Notes: -- This is a trivial example, since the procedure is 1 line
long.
-- Why not just use r5 within the procedure?
1. convention -- parameters are passed in specific registers.
2. same procedure could be used to decrement the value
in other registers -- just copy the value to register r0
first, and copy it out afterwards.


Historically more significant mechanism: parameters on stack
---------------------

place the parameters to a procedure (function) in the activation
record for the procedure.

sub sp, sp, #8 ; allocate space for parameters
str r5, [sp,#4] ; place parameter 1 into AR of proc
str r6, [sp] ; place parameter 2 into AR of proc
bl proc
.
.
.
proc:
sub sp, sp, #12 ; allocate remainder of AR for proc
; assume fixed size (too big) activation record
ldr r2, [sp,#12] ; retrieve parameter 1 for use
ldr r3, [sp,#12] ; retrieve parameter 2

; use parameters in procedure calculations

add sp, sp, #20 ; remove AR of proc
mov pc, lr




calling program: allocates space for parameters
places parameters into stack
calls procedure
deallocates remainder of AR of procedure

procedure: allocates AR (or remainder of AR)
deallocates AR of procedure (or at least most of it)



ARM convention -- when passing parameters in registers,
the first 4 parameters are passed in registers r0-r3.
Then, ANY and ALL procedures use those registers for their parameters.


If there are nested subroutine calls, and registers r- - r4 are
used for parameters, the values would be lost (just like the
return address would be lost for 'bl' if not saved).
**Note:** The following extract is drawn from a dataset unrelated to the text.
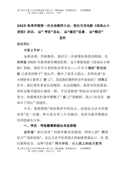 【七哥公文】2025年:2025秋季学期第一次全体教师大会,校长引用电影《浪浪山小妖怪》讲话:以 “守己” 立心,以 “适己” 立身,以 “悦己” 立行+更多免费公文+VX:QiGeGongWen2024

There are
2 possible solutions.

1. For non-recursive nested calls, each procedure has associated
with it a section of memory. Before a nested call is made,
the current parameters are stored in that memory. After the return
from the nested call, the current values are restored.

2. For recursive calls, current parameters are stored on the stack before
a nested call. After the return from the nested call, the
current parameters are restored.


Here's a general layout of how this second option is used
(with 4 or fewer parameters):

procedure layout:
allocate remainder of AR
put return address on stack into AR of procedure

procedure calculations

to set up a call to proc2,
place current parameters (in r0-r3) into AR of procedure
allocate AR for proc2
set up parameters to proc2 in r0-r3
call proc2 (bl proc2)
copy any return values out of r0-r3
mov r0-r3 to other registers if required
pop current parameters from stack back to r0-r3, if needed.
care must be taken not to over write the return values in r0-r3

more procedure calculations (presumably using procedure's return
value and parameters which are now in r0-r3)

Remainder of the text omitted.